__Exercise requirements__
Reproduce, without any change, the span of lines from the opening of the records below to the line containing "Een verrassingsdoosje als", inclusive.

__Entries taken from a collection__

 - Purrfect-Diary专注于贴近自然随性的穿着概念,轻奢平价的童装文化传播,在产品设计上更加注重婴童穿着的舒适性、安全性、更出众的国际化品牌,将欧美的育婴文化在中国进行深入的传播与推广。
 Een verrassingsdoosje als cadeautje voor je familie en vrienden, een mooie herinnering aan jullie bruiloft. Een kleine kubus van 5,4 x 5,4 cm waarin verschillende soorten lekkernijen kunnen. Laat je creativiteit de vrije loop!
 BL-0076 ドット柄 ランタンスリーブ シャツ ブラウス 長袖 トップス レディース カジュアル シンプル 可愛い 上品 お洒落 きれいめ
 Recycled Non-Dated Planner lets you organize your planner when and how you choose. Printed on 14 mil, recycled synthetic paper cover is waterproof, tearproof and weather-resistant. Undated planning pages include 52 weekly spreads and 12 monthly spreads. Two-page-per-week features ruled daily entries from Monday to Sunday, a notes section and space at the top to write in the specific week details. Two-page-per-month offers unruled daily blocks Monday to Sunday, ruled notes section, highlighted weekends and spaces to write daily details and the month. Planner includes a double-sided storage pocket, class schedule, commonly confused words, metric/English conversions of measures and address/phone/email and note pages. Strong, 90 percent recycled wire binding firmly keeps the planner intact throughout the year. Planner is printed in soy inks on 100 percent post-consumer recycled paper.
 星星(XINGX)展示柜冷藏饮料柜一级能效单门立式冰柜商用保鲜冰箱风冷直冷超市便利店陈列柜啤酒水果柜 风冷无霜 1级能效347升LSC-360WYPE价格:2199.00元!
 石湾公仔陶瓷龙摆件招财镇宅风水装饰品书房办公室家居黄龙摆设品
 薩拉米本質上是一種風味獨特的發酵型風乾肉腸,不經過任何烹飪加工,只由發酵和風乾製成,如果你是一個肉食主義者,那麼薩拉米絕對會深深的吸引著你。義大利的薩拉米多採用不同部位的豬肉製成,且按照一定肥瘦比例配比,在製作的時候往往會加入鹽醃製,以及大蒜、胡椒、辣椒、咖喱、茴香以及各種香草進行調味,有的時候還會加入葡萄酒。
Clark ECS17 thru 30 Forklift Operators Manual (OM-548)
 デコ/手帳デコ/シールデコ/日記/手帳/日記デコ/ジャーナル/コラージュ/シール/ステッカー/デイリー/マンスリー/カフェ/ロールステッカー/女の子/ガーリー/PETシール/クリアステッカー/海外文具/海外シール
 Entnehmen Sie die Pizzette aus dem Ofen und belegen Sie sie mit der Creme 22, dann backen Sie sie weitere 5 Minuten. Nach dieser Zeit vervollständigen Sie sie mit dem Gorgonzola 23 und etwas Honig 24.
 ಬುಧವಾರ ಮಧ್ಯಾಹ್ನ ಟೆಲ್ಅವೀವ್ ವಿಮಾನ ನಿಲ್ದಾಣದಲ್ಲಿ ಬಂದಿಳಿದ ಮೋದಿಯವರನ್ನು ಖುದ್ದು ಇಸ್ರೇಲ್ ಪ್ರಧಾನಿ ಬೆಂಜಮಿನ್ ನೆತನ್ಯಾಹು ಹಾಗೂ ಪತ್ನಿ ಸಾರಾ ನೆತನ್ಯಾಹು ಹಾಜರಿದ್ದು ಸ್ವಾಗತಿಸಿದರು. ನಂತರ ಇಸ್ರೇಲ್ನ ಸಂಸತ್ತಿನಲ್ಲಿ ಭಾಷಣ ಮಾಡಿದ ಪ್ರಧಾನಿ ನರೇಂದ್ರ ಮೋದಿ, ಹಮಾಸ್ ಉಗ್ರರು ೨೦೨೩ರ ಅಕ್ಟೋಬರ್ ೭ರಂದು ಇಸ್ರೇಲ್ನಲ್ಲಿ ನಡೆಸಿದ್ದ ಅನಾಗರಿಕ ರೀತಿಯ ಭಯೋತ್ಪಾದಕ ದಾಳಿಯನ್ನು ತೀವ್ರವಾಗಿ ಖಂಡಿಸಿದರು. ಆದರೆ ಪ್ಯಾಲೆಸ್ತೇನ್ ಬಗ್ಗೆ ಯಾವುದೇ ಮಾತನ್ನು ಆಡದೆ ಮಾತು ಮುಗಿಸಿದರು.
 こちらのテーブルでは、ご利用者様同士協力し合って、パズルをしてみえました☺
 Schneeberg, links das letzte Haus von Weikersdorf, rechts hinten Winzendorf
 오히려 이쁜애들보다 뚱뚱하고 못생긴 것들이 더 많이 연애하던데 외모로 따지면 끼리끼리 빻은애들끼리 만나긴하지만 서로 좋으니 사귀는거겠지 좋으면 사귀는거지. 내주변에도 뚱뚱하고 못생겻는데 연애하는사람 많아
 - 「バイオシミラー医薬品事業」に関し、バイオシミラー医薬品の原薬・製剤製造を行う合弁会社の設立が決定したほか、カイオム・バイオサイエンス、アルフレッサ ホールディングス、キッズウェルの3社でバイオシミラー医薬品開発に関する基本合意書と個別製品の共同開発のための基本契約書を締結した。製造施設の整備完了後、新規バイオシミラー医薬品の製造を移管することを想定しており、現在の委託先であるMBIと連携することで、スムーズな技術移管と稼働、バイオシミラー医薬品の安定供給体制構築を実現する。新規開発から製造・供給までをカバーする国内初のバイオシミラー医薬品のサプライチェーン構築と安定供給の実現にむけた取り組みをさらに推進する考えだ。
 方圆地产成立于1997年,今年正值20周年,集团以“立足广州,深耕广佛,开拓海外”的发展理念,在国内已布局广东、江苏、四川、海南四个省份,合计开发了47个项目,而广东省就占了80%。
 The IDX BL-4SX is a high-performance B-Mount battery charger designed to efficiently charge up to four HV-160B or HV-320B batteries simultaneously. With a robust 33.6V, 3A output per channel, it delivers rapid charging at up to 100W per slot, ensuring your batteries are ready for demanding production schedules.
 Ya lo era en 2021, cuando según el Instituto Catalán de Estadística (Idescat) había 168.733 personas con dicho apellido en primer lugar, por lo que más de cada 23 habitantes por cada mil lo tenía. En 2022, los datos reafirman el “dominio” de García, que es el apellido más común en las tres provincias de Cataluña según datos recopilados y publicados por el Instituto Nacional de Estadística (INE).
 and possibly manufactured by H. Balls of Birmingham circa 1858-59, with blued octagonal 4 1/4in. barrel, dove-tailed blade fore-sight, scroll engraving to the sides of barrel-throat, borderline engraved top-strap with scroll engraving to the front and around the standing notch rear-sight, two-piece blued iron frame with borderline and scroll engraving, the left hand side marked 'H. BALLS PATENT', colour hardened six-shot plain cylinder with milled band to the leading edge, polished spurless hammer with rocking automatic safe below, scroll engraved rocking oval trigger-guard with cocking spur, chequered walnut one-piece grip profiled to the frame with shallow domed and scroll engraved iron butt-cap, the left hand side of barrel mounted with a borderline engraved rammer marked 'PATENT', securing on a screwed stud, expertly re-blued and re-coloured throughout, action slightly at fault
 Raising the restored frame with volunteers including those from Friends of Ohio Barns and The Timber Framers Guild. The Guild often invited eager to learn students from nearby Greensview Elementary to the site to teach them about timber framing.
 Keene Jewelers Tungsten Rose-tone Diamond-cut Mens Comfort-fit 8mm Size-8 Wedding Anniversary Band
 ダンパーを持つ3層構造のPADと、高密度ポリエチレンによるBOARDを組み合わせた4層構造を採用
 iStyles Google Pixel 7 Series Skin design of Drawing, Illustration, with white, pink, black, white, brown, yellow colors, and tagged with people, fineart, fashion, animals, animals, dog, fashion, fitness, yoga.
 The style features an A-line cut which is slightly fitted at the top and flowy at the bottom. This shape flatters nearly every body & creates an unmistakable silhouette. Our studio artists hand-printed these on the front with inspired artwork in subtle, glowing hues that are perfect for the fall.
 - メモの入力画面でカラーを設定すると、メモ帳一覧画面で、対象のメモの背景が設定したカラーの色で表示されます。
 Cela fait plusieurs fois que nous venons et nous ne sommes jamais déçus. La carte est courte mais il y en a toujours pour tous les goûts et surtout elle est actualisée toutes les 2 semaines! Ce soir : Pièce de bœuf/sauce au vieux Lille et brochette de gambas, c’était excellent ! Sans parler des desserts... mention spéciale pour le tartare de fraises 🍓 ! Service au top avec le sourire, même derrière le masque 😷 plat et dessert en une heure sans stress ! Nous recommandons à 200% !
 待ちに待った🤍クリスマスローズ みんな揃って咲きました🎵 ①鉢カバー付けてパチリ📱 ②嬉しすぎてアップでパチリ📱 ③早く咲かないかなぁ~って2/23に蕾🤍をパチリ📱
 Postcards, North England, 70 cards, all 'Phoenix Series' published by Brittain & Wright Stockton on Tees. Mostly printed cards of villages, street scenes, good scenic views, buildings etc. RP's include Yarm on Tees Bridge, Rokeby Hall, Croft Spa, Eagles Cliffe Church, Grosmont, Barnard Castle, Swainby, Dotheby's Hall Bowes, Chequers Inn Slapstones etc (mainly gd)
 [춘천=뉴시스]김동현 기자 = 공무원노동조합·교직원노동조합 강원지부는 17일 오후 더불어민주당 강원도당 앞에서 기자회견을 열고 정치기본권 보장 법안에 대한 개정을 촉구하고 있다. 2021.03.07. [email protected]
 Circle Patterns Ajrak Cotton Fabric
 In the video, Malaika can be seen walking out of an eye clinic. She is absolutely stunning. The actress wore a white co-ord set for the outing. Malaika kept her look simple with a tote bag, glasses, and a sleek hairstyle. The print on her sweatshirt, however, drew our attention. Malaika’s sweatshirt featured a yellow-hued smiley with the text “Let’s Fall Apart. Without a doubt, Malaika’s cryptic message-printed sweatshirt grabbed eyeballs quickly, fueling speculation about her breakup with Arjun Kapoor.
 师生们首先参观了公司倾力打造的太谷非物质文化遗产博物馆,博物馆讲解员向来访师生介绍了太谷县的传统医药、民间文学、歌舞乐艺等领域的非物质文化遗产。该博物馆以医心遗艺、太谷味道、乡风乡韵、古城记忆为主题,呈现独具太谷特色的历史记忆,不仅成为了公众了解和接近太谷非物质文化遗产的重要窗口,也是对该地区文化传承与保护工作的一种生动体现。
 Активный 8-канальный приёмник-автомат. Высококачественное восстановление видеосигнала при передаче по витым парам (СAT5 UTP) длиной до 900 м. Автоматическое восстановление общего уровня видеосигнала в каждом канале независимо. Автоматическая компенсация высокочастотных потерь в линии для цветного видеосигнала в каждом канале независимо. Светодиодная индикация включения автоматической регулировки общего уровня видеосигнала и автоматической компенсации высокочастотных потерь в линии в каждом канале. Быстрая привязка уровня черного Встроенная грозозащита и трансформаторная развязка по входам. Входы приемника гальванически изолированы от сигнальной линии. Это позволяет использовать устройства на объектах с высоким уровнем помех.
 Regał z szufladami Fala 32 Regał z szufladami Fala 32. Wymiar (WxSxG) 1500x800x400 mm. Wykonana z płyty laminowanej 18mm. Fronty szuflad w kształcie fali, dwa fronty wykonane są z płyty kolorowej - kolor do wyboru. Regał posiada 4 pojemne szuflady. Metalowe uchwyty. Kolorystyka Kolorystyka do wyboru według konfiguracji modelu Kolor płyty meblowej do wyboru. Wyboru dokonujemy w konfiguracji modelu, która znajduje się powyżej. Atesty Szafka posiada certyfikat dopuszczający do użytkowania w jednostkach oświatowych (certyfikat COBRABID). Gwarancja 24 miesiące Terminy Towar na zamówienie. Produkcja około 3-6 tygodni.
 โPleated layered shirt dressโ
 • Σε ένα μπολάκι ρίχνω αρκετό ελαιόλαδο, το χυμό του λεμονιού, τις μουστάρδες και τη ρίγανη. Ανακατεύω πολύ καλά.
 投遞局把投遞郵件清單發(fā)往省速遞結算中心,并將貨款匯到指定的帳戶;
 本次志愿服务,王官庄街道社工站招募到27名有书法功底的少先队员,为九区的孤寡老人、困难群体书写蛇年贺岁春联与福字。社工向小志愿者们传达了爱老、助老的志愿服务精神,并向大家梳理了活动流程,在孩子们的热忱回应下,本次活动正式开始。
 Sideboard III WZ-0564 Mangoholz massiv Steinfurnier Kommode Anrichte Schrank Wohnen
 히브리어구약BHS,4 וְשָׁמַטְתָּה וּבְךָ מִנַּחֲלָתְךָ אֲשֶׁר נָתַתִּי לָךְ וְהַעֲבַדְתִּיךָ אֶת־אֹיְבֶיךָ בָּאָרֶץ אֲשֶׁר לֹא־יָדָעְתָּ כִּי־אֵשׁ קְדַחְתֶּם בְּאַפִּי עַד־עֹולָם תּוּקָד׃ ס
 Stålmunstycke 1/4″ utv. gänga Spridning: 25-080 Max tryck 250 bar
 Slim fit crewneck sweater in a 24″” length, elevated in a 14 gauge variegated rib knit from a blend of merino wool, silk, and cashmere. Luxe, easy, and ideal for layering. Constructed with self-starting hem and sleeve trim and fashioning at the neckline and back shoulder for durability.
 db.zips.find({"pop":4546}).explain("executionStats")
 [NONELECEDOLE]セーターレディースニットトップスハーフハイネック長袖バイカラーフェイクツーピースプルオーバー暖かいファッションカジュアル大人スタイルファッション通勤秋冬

__Answer for the task__
 - Purrfect-Diary专注于贴近自然随性的穿着概念,轻奢平价的童装文化传播,在产品设计上更加注重婴童穿着的舒适性、安全性、更出众的国际化品牌,将欧美的育婴文化在中国进行深入的传播与推广。
 Een verrassingsdoosje als cadeautje voor je familie en vrienden, een mooie herinnering aan jullie bruiloft. Een kleine kubus van 5,4 x 5,4 cm waarin verschillende soorten lekkernijen kunnen. Laat je creativiteit de vrije loop!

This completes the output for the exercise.